**Task objective:**
Give the listing back in full, exactly as written, with the pictures removed.

**Records to use:**
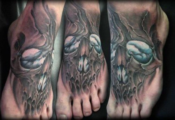 脚背很帅时尚的一款骷髅纹身图案_骷髅纹身图案大全_纹身图吧
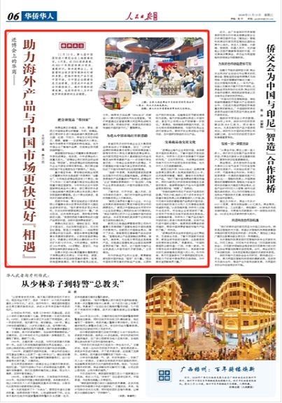 “進博會讓海外企業(yè)來到中國,親身感受中國的發(fā)展變化,了解中國的開放包容和多元,華僑華人在其中發(fā)揮著不可或缺的作用?!闭缙钴娝f,為進博會忙碌的華商不僅為中外經(jīng)貿(mào)往來織密網(wǎng)絡(luò),也為中外人文交流搭建橋梁。
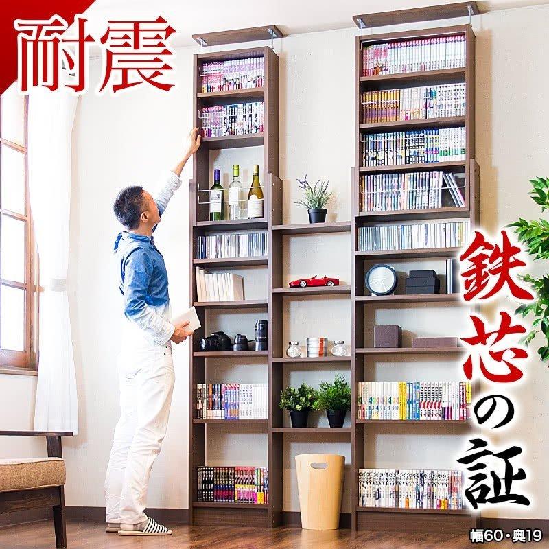 本棚 耐震本棚 突っ張り 転倒防止 壁面収納 薄型 幅60 奥行19 Aku1003123 本棚 テレビ台 電話台の家具ドキ 通販 Yahoo ショッピング
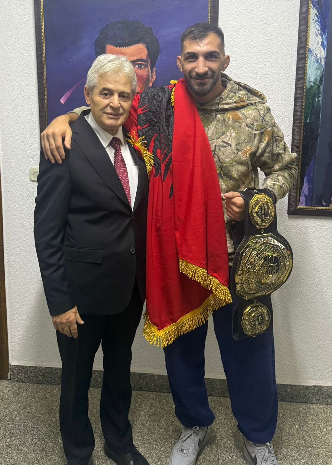 Sot Ali Ahmeti, kryetar i Bashkimit Demokratik për Integrim (BDI), priti në takim kampionin e madh Florim Zendeli, fitues dhe mbrojtës i titullit në Professional Fighters League Europe (PFL Europe), pas suksesit të tij të fundit në Dubai.
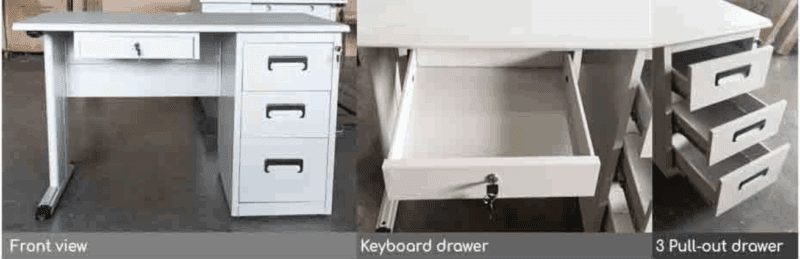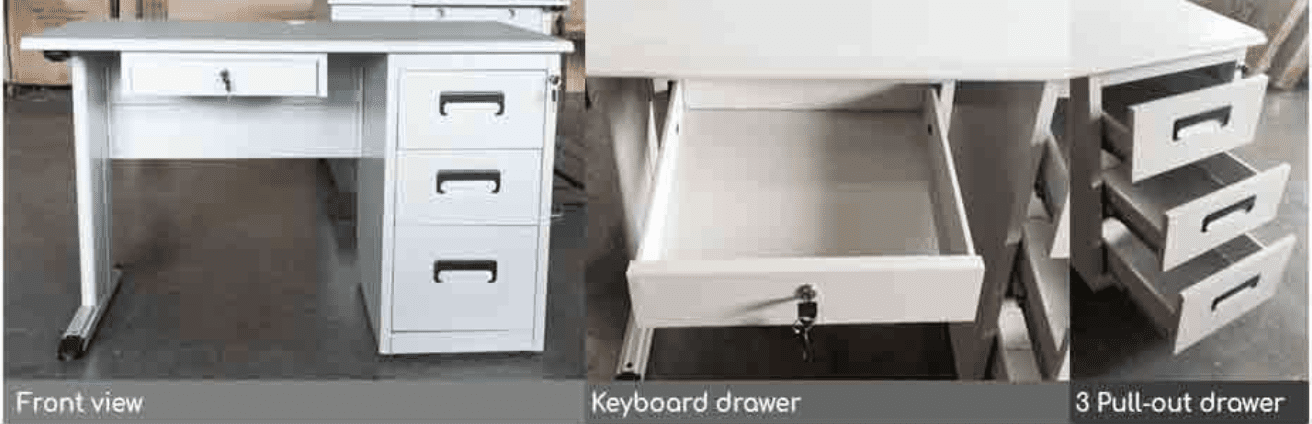 A compact and secure office table with 3 pull-out drawers, a sliding keyboard tray, and sturdy metal legs — perfect for work-from-home setups or office use.
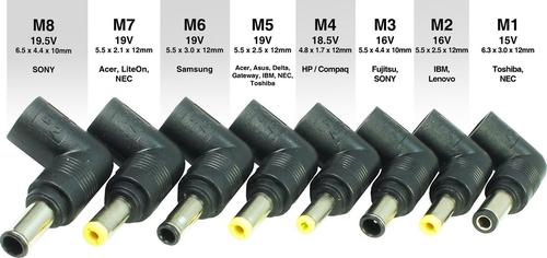 Almost every model can be connected (further adapters are optional available) due to the 8 included, changeable tips. With its flat design, the adapter fits in almost every Notebook bag.
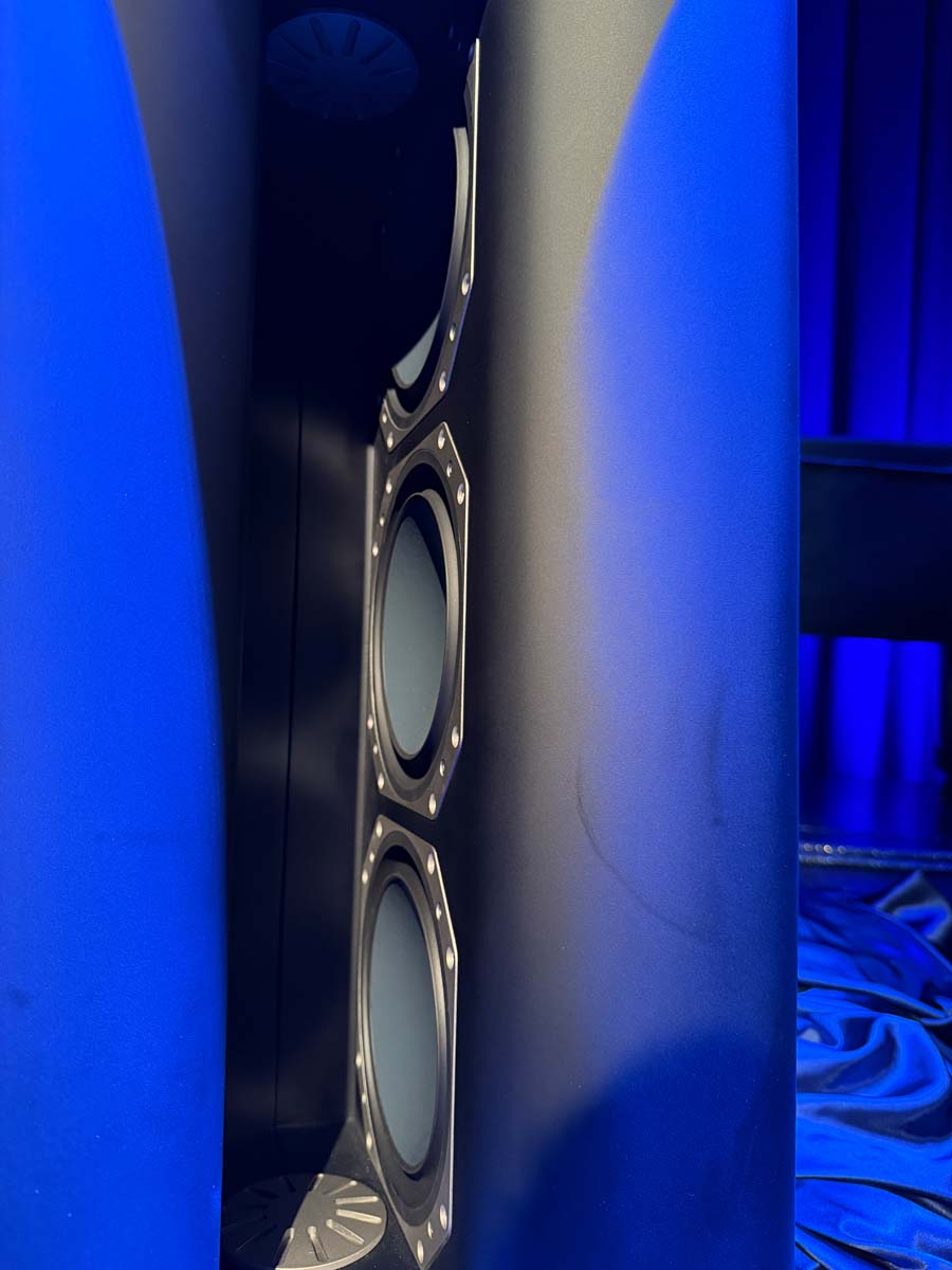 The M8 doesn’t feel like a cabinet so much as a structure: three modules stacked into an acoustic sculpture. At the center sits the midrange/treble system, with two bass modules working above and below it. The construct as a whole comes in at a whopping 325 kg (717 lbs) per speaker, but excessive mass isn’t the point – the idea behind it is maximizing surface area to minimize excitement and therefore energy storage, ultimately achieving maximum control.

**Task answer:**
 脚背很帅时尚的一款骷髅纹身图案_骷髅纹身图案大全_纹身图吧
 “進博會讓海外企業(yè)來到中國,親身感受中國的發(fā)展變化,了解中國的開放包容和多元,華僑華人在其中發(fā)揮著不可或缺的作用?!闭缙钴娝f,為進博會忙碌的華商不僅為中外經(jīng)貿(mào)往來織密網(wǎng)絡(luò),也為中外人文交流搭建橋梁。
 本棚 耐震本棚 突っ張り 転倒防止 壁面収納 薄型 幅60 奥行19 Aku1003123 本棚 テレビ台 電話台の家具ドキ 通販 Yahoo ショッピング
 Sot Ali Ahmeti, kryetar i Bashkimit Demokratik për Integrim (BDI), priti në takim kampionin e madh Florim Zendeli, fitues dhe mbrojtës i titullit në Professional Fighters League Europe (PFL Europe), pas suksesit të tij të fundit në Dubai.
 A compact and secure office table with 3 pull-out drawers, a sliding keyboard tray, and sturdy metal legs — perfect for work-from-home setups or office use.
 Almost every model can be connected (further adapters are optional available) due to the 8 included, changeable tips. With its flat design, the adapter fits in almost every Notebook bag.
 The M8 doesn’t feel like a cabinet so much as a structure: three modules stacked into an acoustic sculpture. At the center sits the midrange/treble system, with two bass modules working above and below it. The construct as a whole comes in at a whopping 325 kg (717 lbs) per speaker, but excessive mass isn’t the point – the idea behind it is maximizing surface area to minimize excitement and therefore energy storage, ultimately achieving maximum control.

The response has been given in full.